In terms of really building an online social presence, however, nothing beats Facebook, especially when it comes to easily finding a home for photos, videos, long opinions and opportunities to build a business. For teams, athletes, vendors and sponsors in the field, a Facebook page is a no-brainer as it gives easy access to the hundreds of millions of folks who already have a Facebook ID.

For the average sports fan Facebook is probably a lot easier to understand than Twitter, and the post/comments structure lends itself to longer “conversations” on a single topic or event. The recent integration of Facebook comments under blog posts is a step toward Facebook’s plan of social-activity domination: Simply put, the service wants to make it easy for you to record your every thought, “Like” and observation in some form that can be embedded inside a Facebook wrapper.

And by allowing integration of applications and even stores on Facebook pages, the service is equally attractive to teams, vendors and sponsors who want to extract dollars from the multitudes of fans. The commerce-friendly platform is what gives Facebook the sporting edge right now, but Twitter is gaining ground quickly, thanks to its Google-like ease of use.

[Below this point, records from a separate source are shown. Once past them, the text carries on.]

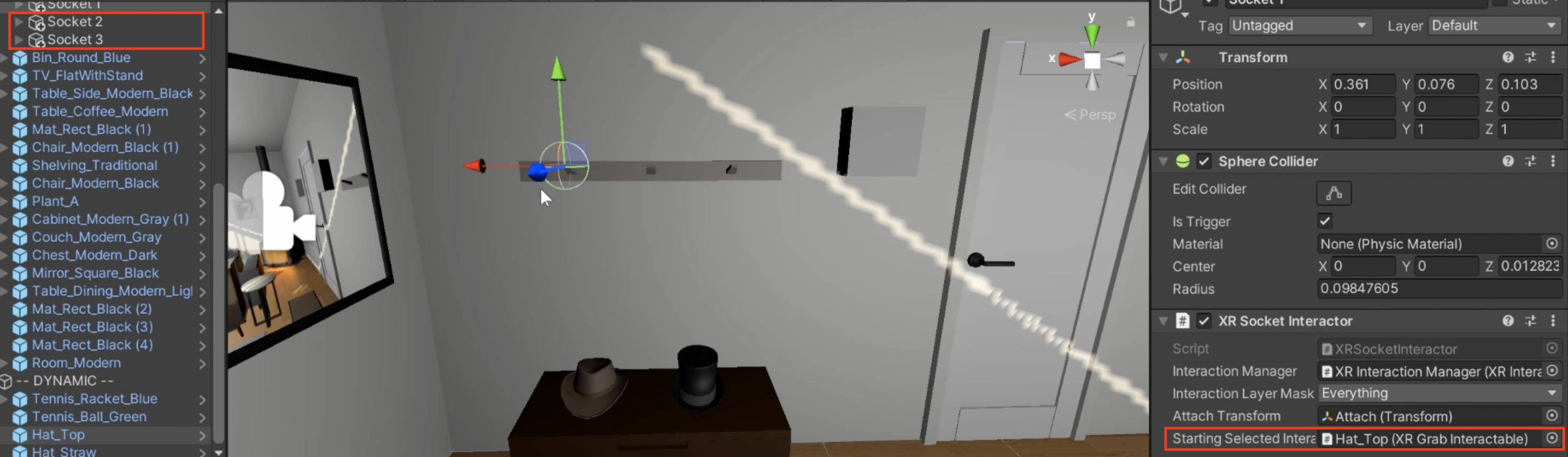- In each of the Socket object’s XR Socket Interactor components, assign one of your hats to the Starting Selected Interactable property.
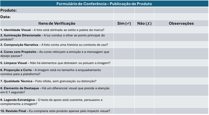 No universo digital, improvisar pode custar caro. Uma foto mal pensada pode enterrar um produto excelente antes mesmo que ele tenha chance de conquistar alguém. Seguir um plano de conferência não é preciosismo: é o que separa fotos amadoras de imagens irresistíveis, capazes de vender antes mesmo do cliente ler a descrição.
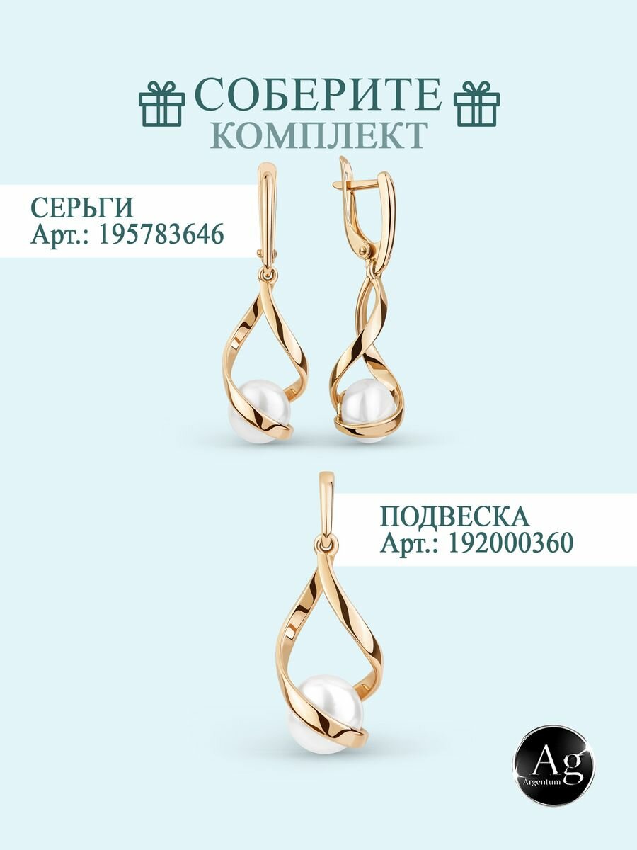 Подвеска Argentum, серебро, 925 проба, золочение, жемчуг, размер 3 см., золотистый
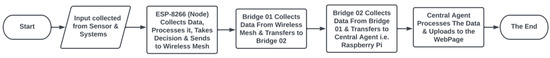 The system architecture in Figure 1 shows the interconnected nodes forming a mesh topology. Data from the sensors connected to each node are sent to the Central Agent through bridges. The Central Agent transfers the data to Firebase, where it is stored, and a web server displays it. The block diagram depicted in Figure 2 illustrates the complete data transfer in the system in a step-by-step manner. The integrated system ensures reliable and sustainable operation.
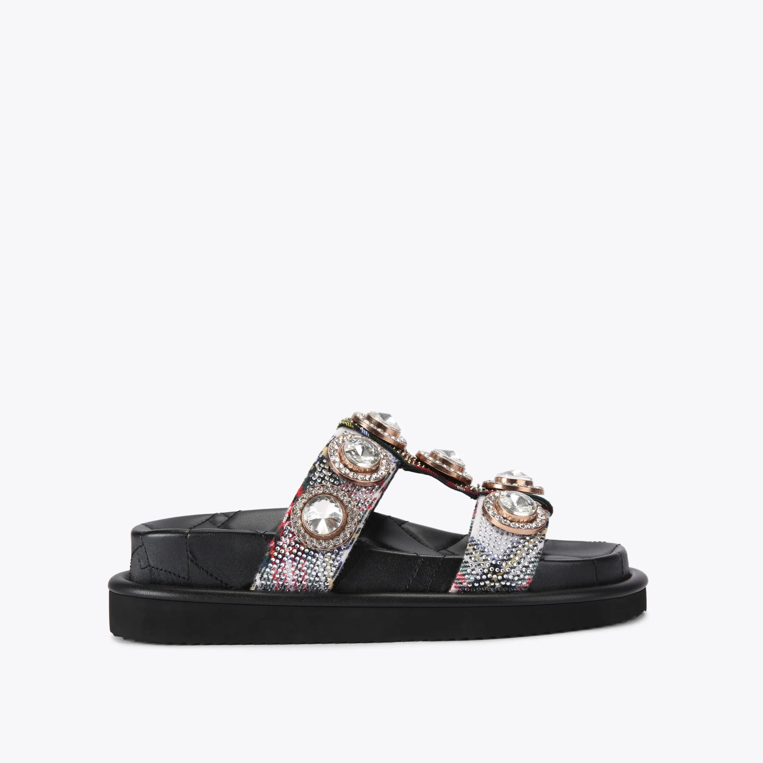 The Orson Crystal Sandal arrives in a tartan print fabric with embellishment. The strap is topped with large crystals.
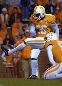Brodus was told that Rhome pulled a muscle during pregame warm ups. That meant the Volunteers had a decision to make: a third string, walk-on, freshmen kicker…or no kicker. For head coach Derek Dooley, the decision was a no-brainer.
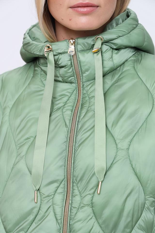 Куртка имеет стеганую текстуру, которая придает ей современный вид. Застежка – молния, что обеспечивает удобство и быстроту одевания. Капюшон добавляет функциональности и защищает от ветра и небольшого дождя.
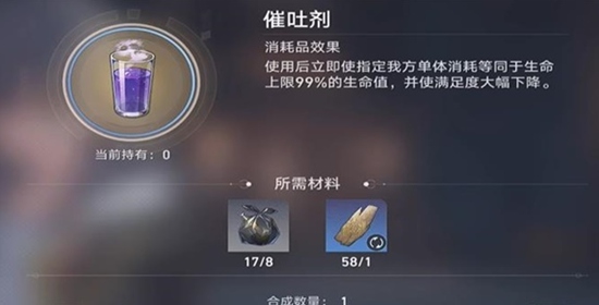 4、我们寻找完所以的材料之后,就可以点击合成催吐剂。
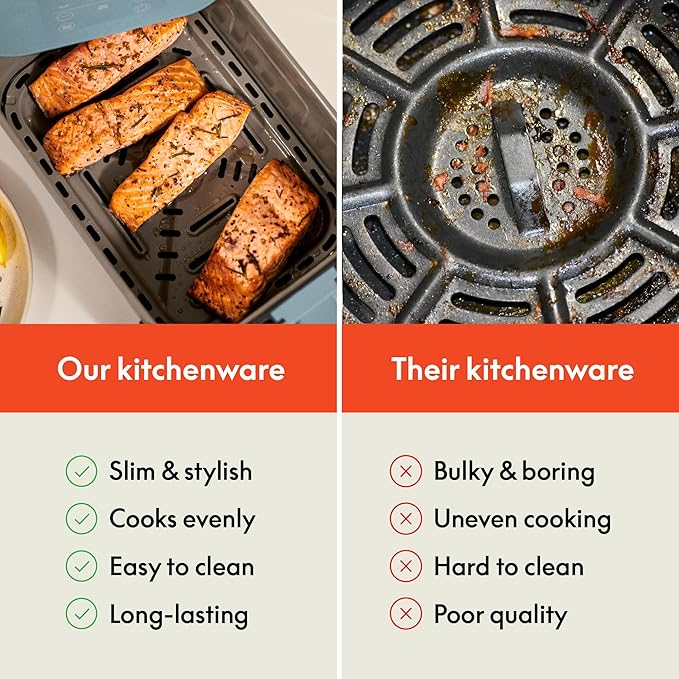 bella 6 Qt Slim Air Fryer, Fits-anywhere™ Kitchenware, EverGood™ Ceramic Nonstick Coating, Adjustable Temperature, 6 Preset Cooking Options, 60 Min Auto Shutoff w Audible Tone, 5lb Capacity, Surf
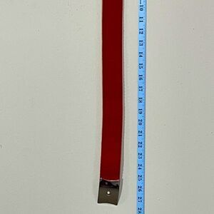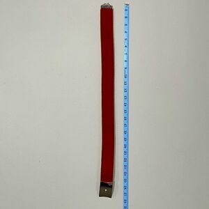 The belt is 28” long, stretches 3”, and has a clip closure.
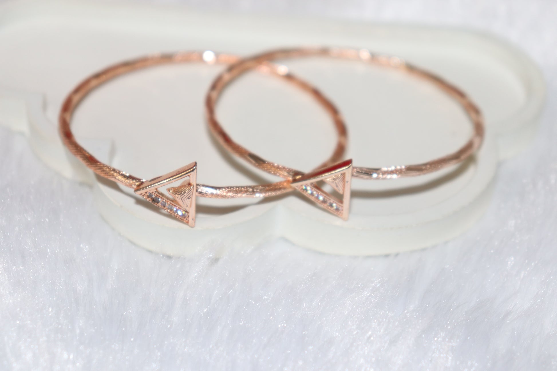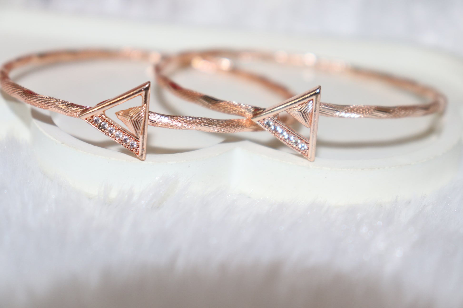 Add a contemporary twist to your jewelry collection with our Rose Gold Triangle Minimalist Bangles (Set of 2). These sleek and stylish bangles feature a unique open triangle design adorned with shimmering cubic zirconia stones, perfect for women who love elegant yet modern accessories. The soft rose gold tone adds a subtle glam, making them ideal for both casual and party wear.
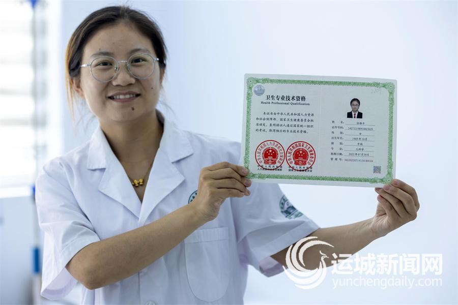 6月19日,垣曲縣新城鎮上王村衛生室大學生村醫任雅平展示她的中級職稱證書。
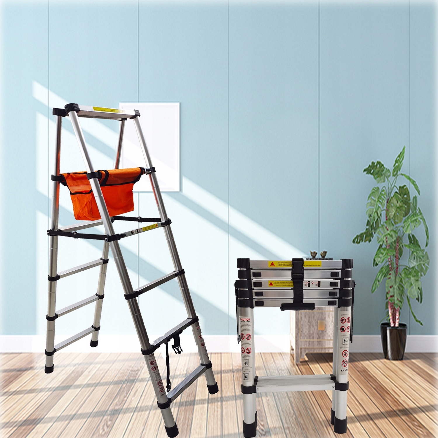 Большим недостатком алюминия является его легкость, он весит всего 8,5 кг, что упрощает его установку. Размер хранения: 62,5*0,43,5*12 см, фиксированный ремень хорошо удерживает часть педали, легко носить с собой, легко носить с собой. Эта сторона лестницы складывается и ее можно легко хранить в узких пространствах, а также в багажнике автомобиля, в шкафу или под диваном. Для тех, кто хочет легко перейти к использованию в коммунальных целях и хочет перейти к типу, который можно использовать на работе и дома, выберите алюминиевую телескопическую лестницу.
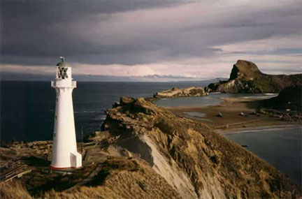Notes: This cast-iron sectional tower was manufactured in New Zealand by Luke's Foundry in Wellington City, the same company that made the one at Cape Palliser. The lighting equipment came from Scotland, and the second-order Fresnel Lens was made in France. (Thanks to P. W. Shirley.) The station is said to be haunted by the ghost of a keeper who fell to his death. Tower Height: 75 Height of Focal Plane: 171 Characteristic and Range: Three white flashes every 30 seconds, visible for 26 nautical miles. Description of Tower: White, conical cast iron tower.
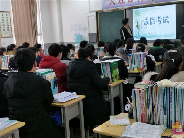 高二年级开展“诚信学习,诚信考试”主题班会 发布时间:2018-12-19 11:15:11 浏览次数: 次 字体:小 大 打印 分享到: 为严肃考风考纪,督促学生认真复习迎考,蒙城一中高二年级各班于月考前夕开展了以“诚信学习,诚信考试”为主题的班会,旨在引导学生诚信学习、诚信考试。 各班利用多媒体等教学手段,宣传诚信的重要性,通过诚信小故事、诚信案例,培养学生诚信的良好道德品质,并号召同学们从身边的每一件小事做起,实事求是,重信用,守承诺。 扫一扫在手机打开当前页
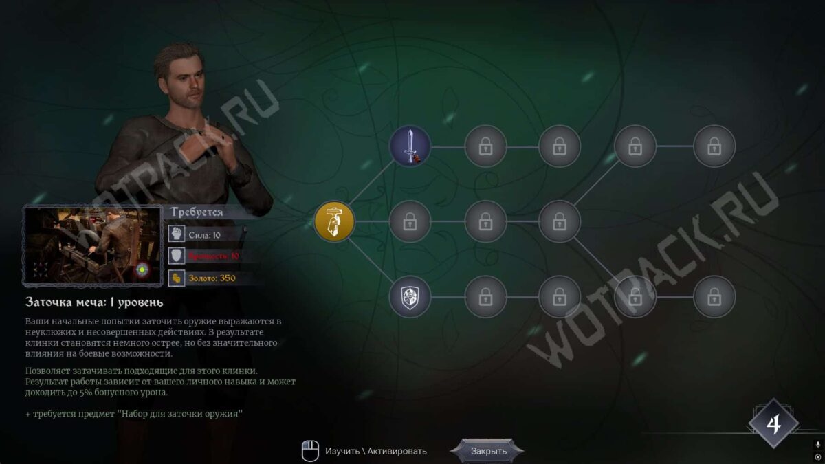 Встретите его в хижине на северо-западе острова и разблокируете начальные умения каждой ветки: Заточку меча первого уровня, Рудокоп и базовое Укрепление доспехов.

Who Wins? Or do they both survive?

Right now, connected sports fans as well as athletes, teams, schools, advertisers and vendors in the sports-fan space all are most likely active on both services, depending on the time of day or situation. While much of the live commenting action has moved to Twitter thanks to its instant-publishing stream of thought, the more leisurely searches for information and interaction still take place on websites, blogs or Facebook pages, meaning that you can’t live on simply one or the other right now.

While that means there is still the headache of “do I post to Twitter or Facebook,” there remains the possibility of some future integration, perhaps by a business arrangement once both firms go public as is widely expected. Though there do exist services and techno-solutions that will replicate your Facebook posts onto Twitter and vice versa, the different styles of communication on either platform make such services an inelegant compromise at best. Will those differing styles keep the beast’s two heads alive indefinitely, or will one succeed in chewing through the other’s throat? Whichever way it goes, it will be a fun movie to watch play out over the near term future.